* **PROBLEM TO SOLVE**
Set down only what runs from the line containing "選舉宣傳日的紀念封,在風雨天" through the last line of the data, exactly as it reads.

##### DATA UNDER STUDY #####

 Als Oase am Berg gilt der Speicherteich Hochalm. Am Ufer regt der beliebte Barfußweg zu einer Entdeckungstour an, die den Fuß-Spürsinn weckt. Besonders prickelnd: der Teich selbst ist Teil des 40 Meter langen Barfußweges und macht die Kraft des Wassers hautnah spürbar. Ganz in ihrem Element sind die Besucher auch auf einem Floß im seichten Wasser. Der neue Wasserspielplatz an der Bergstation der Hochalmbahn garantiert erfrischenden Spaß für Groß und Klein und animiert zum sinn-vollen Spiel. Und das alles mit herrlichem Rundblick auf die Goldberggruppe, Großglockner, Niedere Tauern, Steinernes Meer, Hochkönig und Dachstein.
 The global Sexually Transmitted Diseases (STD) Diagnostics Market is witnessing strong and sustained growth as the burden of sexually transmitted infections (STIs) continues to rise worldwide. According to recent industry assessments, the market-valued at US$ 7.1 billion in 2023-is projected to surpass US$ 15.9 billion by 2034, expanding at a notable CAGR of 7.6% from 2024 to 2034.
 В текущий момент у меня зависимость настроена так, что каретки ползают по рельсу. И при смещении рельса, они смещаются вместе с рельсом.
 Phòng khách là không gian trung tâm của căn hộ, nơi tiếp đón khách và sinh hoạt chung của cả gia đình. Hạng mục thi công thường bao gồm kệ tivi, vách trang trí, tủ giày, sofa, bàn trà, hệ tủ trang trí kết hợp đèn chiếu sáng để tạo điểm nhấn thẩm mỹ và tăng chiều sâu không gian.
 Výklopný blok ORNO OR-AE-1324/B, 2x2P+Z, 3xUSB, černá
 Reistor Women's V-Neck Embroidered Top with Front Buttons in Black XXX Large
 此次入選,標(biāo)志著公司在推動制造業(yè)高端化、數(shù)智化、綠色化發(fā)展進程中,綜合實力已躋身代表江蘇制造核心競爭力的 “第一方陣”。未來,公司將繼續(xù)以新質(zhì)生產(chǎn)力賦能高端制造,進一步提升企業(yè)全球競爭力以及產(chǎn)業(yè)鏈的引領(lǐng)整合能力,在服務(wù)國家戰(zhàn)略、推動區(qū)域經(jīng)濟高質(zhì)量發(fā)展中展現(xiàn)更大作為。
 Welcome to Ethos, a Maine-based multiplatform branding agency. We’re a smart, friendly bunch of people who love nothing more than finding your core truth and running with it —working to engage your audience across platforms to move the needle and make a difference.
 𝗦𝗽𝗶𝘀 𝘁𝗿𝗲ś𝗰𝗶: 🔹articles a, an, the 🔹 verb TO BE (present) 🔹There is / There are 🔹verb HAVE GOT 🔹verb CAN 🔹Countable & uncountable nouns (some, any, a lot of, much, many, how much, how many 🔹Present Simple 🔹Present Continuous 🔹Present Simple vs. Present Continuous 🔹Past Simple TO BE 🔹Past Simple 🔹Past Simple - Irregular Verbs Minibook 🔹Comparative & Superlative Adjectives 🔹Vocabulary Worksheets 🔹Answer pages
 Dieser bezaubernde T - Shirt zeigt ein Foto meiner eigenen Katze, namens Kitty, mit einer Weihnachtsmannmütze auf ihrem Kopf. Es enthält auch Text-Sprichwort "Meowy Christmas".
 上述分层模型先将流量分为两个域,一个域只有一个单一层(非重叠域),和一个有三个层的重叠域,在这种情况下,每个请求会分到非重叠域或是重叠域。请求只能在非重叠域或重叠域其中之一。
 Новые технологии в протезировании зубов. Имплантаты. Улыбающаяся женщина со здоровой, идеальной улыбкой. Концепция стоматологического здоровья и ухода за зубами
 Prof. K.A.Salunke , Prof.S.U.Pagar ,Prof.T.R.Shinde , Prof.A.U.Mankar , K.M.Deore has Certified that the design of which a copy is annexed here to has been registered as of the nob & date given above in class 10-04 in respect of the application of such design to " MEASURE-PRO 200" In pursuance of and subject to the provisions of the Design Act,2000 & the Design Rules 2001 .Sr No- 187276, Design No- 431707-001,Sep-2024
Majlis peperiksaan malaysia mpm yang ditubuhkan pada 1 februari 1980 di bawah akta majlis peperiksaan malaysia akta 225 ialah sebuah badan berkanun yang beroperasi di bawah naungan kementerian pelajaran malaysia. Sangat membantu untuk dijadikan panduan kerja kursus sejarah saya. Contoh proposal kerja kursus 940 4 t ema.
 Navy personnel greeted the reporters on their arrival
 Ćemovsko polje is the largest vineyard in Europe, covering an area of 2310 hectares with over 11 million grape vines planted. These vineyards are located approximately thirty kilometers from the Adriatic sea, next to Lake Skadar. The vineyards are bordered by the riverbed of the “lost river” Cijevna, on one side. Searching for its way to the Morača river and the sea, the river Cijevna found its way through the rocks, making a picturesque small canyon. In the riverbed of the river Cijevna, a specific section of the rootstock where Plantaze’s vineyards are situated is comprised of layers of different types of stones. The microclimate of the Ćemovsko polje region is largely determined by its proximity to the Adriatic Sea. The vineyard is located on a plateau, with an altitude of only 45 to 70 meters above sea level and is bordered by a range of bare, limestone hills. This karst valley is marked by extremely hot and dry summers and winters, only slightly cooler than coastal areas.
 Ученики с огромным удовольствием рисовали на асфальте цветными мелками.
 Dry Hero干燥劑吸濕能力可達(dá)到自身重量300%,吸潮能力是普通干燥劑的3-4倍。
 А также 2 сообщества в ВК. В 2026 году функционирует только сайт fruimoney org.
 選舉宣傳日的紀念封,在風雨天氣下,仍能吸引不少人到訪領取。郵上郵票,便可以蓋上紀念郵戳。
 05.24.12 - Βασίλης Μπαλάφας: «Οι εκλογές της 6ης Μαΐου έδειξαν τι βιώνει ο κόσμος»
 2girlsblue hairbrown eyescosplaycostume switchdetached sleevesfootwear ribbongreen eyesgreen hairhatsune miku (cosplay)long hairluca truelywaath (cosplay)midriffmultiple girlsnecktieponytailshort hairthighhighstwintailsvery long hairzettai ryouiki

#####

* **EXERCISE RESPONSE**
 選舉宣傳日的紀念封,在風雨天氣下,仍能吸引不少人到訪領取。郵上郵票,便可以蓋上紀念郵戳。
 05.24.12 - Βασίλης Μπαλάφας: «Οι εκλογές της 6ης Μαΐου έδειξαν τι βιώνει ο κόσμος»
 2girlsblue hairbrown eyescosplaycostume switchdetached sleevesfootwear ribbongreen eyesgreen hairhatsune miku (cosplay)long hairluca truelywaath (cosplay)midriffmultiple girlsnecktieponytailshort hairthighhighstwintailsvery long hairzettai ryouiki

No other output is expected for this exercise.